### What to work on
Take the lines below from the one with "欣天科技今日大宗交易折价成交100万股,成交额800万元" through the one with "Bocina clásica de" and retype them exactly. Include nothing else, and no pictures.
--------------------------------------------------
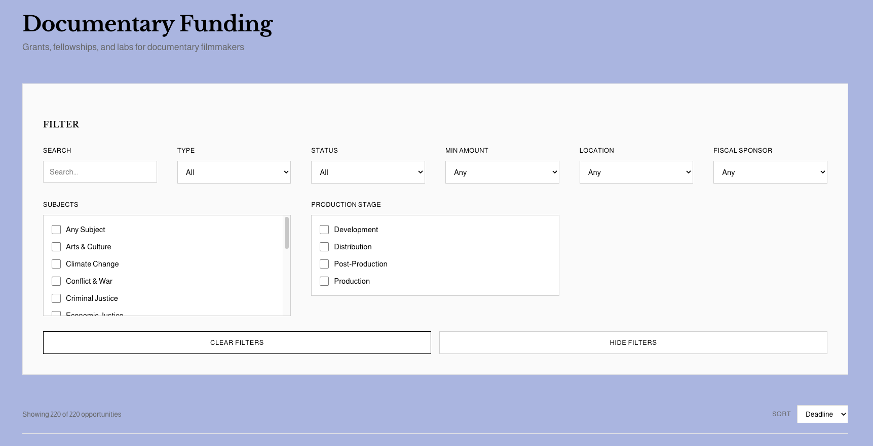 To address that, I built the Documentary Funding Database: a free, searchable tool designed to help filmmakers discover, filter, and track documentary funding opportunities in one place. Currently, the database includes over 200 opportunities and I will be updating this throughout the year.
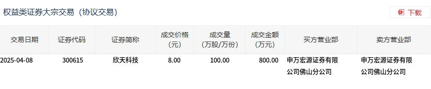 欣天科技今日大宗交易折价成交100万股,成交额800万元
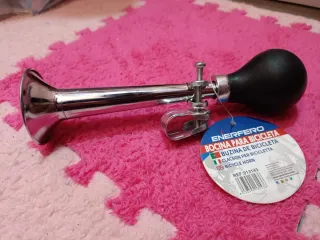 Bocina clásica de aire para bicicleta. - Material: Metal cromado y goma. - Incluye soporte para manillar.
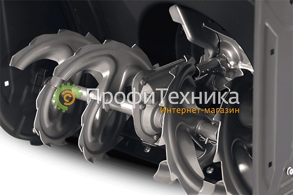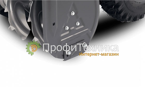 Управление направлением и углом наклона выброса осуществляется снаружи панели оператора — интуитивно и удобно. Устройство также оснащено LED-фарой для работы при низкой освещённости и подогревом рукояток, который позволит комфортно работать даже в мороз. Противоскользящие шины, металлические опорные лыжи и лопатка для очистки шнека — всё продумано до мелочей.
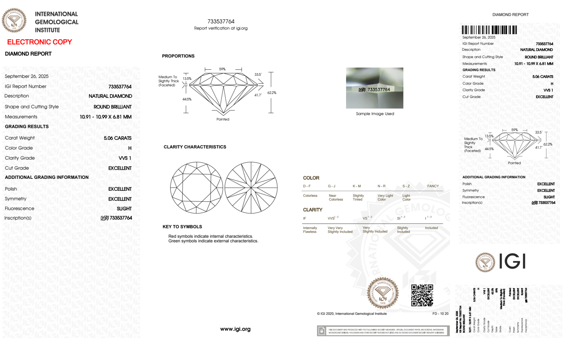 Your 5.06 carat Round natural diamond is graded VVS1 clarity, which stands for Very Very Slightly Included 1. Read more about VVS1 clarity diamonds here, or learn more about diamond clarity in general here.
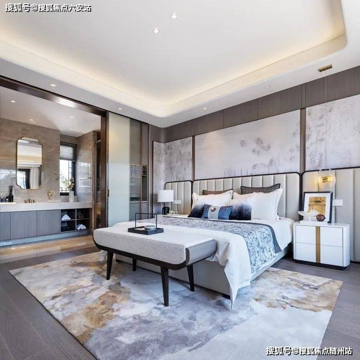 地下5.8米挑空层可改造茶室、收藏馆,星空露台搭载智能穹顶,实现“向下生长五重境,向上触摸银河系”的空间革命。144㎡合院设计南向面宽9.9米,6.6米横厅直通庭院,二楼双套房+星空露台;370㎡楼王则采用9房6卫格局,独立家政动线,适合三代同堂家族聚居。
--------------------------------------------------
### Answer for this exercise
 欣天科技今日大宗交易折价成交100万股,成交额800万元
 Bocina clásica de aire para bicicleta. - Material: Metal cromado y goma. - Incluye soporte para manillar.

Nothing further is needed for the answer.